While the data exposed by the infiltration at InfraGard may be minimal, the user data might not have been the true end game for the intruders.

USDoD said they were hoping the imposter account would last long enough for them to finish sending direct messages as the CEO to other executives using the InfraGuard messaging portal. USDoD shared the following redacted screenshot from what they claimed was one such message, although they provided no additional context about it.

A screenshot shared by USDoD showing a message thread in the FBI’s InfraGard system.

USDoD said in their sales thread that the guarantor for the transaction would be Pompompurin, the administrator of the cybercrime forum Breached. By purchasing the database through the forum administrator’s escrow service, would-be buyers can theoretically avoid getting ripped off and ensure the transaction will be consummated to the satisfaction of both parties before money exchanges hands.
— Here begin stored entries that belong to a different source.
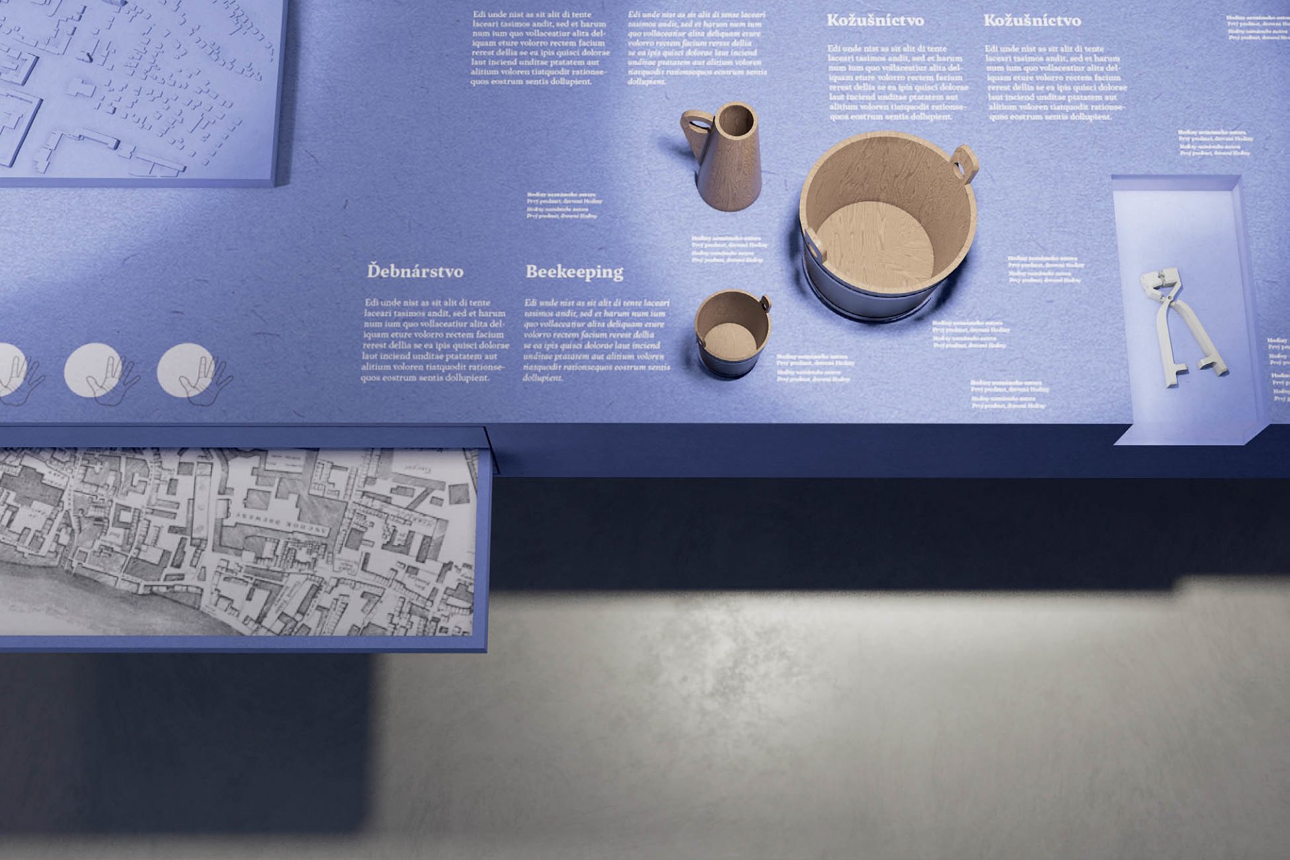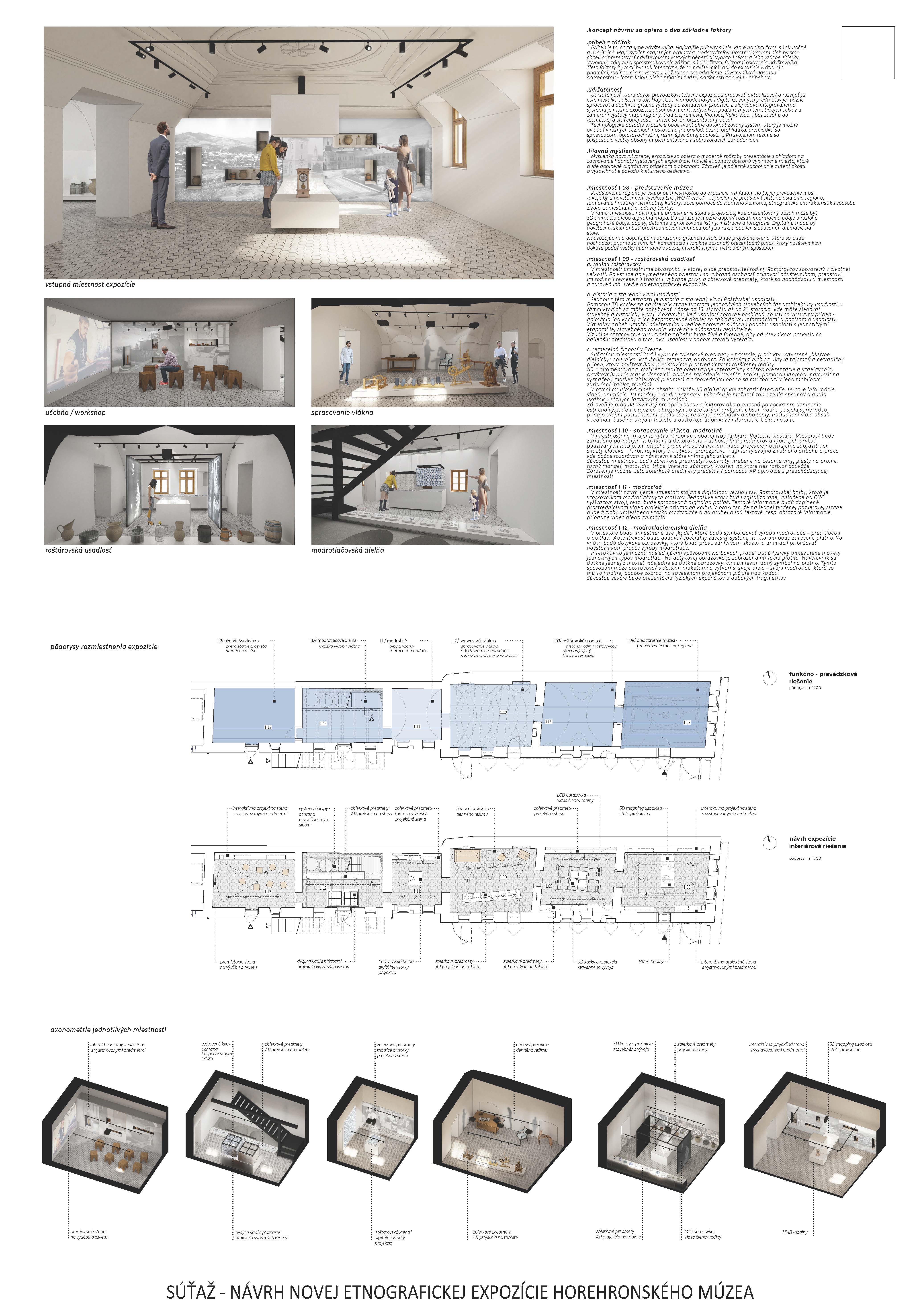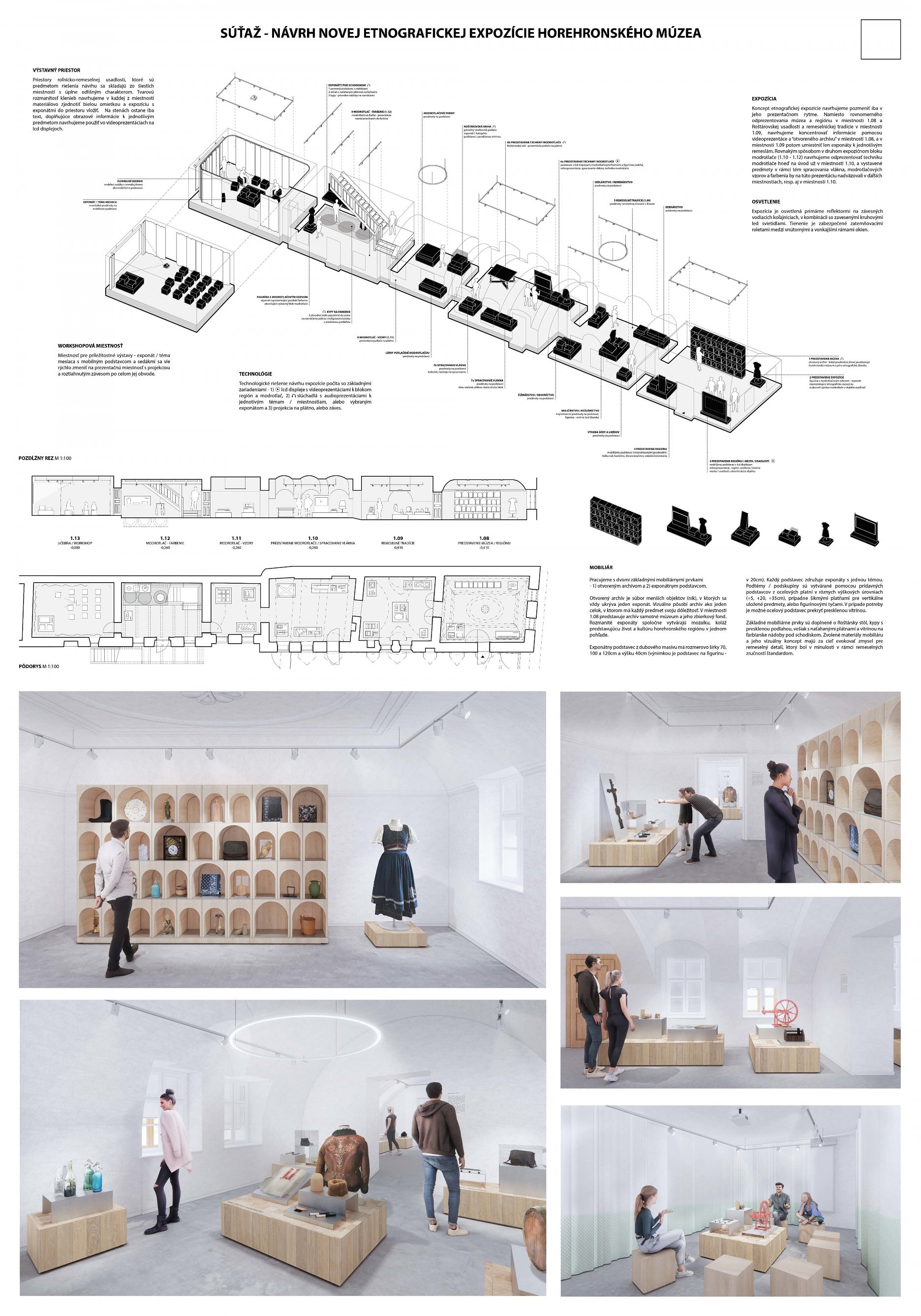 V súťažnom návrhu umiestnenom na prvom mieste autori predstavili presvedčivé a konzistentné architektonické riešenie s jasným konceptom a silným vizuálom. Toto riešenie nesúce súčasný výraz sa však zároveň správa citlivo k jestvujúcim historickým stavebným substanciám. Autori do objektu vniesli výrazný prvok pracovného stola, ktorý ponúka veľké možnosti interakcie založenej na realite priameho dotyku/výsuvu/posuvu/posluchu. Pri súčasných trendoch nie je nutné ponechávať zbierkové predmety za sklom a tento stôl ponúka ich voľné umiestenie, príp. výmenu podľa potrieb Horehronského múzea. Porota oceňuje možnosti vnímania expozícií imobilnými návštevníkmi. V ďaľšej fáze porota odporúča rozpracovať farebnosť pracovného stola v kontexte zbierkových predmetov a histórie objektu, kde by mal byť odkaz na modrotlač najsilnejší v miestnosti modrotlače a modrotlačovej dielne.
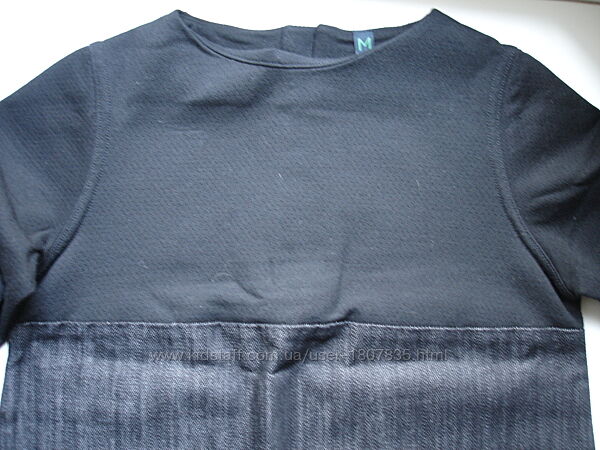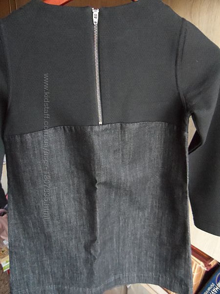 Продам Платье BENETTON, р. 130. Состояние новой вещи, одето пару раз. Можно в школу. Верх плотный полиэстер, на фото 6. От груди пришит плотный джинс черного цвета. Силуэт А образный. Сзади застегивается на замок.Замеры:
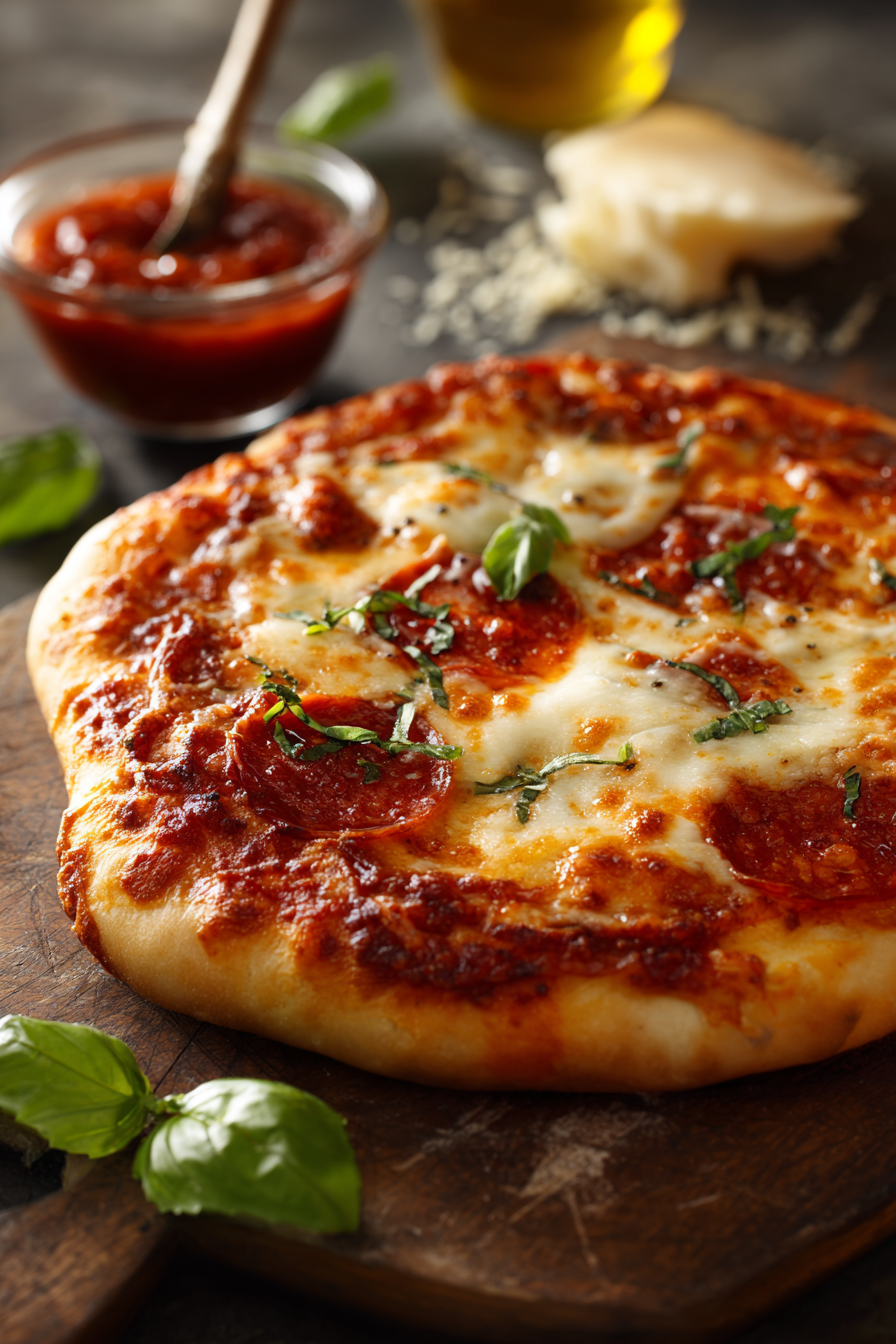 This recipe is incredibly versatile. Swap all-purpose flour for bread flour if you prefer a chewier crust, or use half whole wheat flour for a nuttier flavor. For gluten-free diets, choose a gluten-free flour blend designed for yeast breads. As for sauces, try a pesto base for a fresh, herby twist, or go bold with barbecue sauce for a smoky flavor profile. You can also experiment with cheeses—mozzarella is classic, but provolone, gouda, or goat cheese add unique flair.
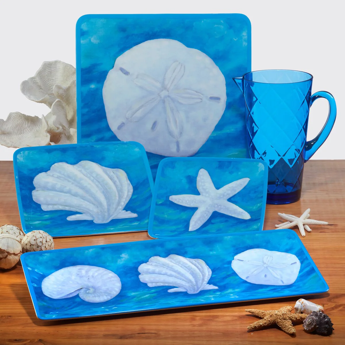 A brilliant blue ocean forms the backdrop for shiny white shells on Certified International’s "Ocean Beach" melamine collection. Each shell is framed on mix and match dinnerware and serveware designed by the artist Paul Brent. Perfect for indoor and outdoor dining, the 100 % melamine items are heavyweight and durable. Great for decorating too!

Pompompurin has been a thorn in the side of the FBI for years. Their Breached forum is widely considered to be the second incarnation of RaidForums, a remarkably similar English-language cybercrime forum shuttered by the U.S. Department of Justice in April. Prior to its infiltration by the FBI, RaidForums sold access to more than 10 billion consumer records stolen in some of the world’s largest data breaches.

In November 2021, KrebsOnSecurity detailed how Pompompurin abused a vulnerability in an FBI online portal designed to share information with state and local law enforcement authorities, and how that access was used to blast out thousands of hoax email messages — all sent from an FBI email and Internet address.

This is a developing story. Updates will be noted here with timestamps.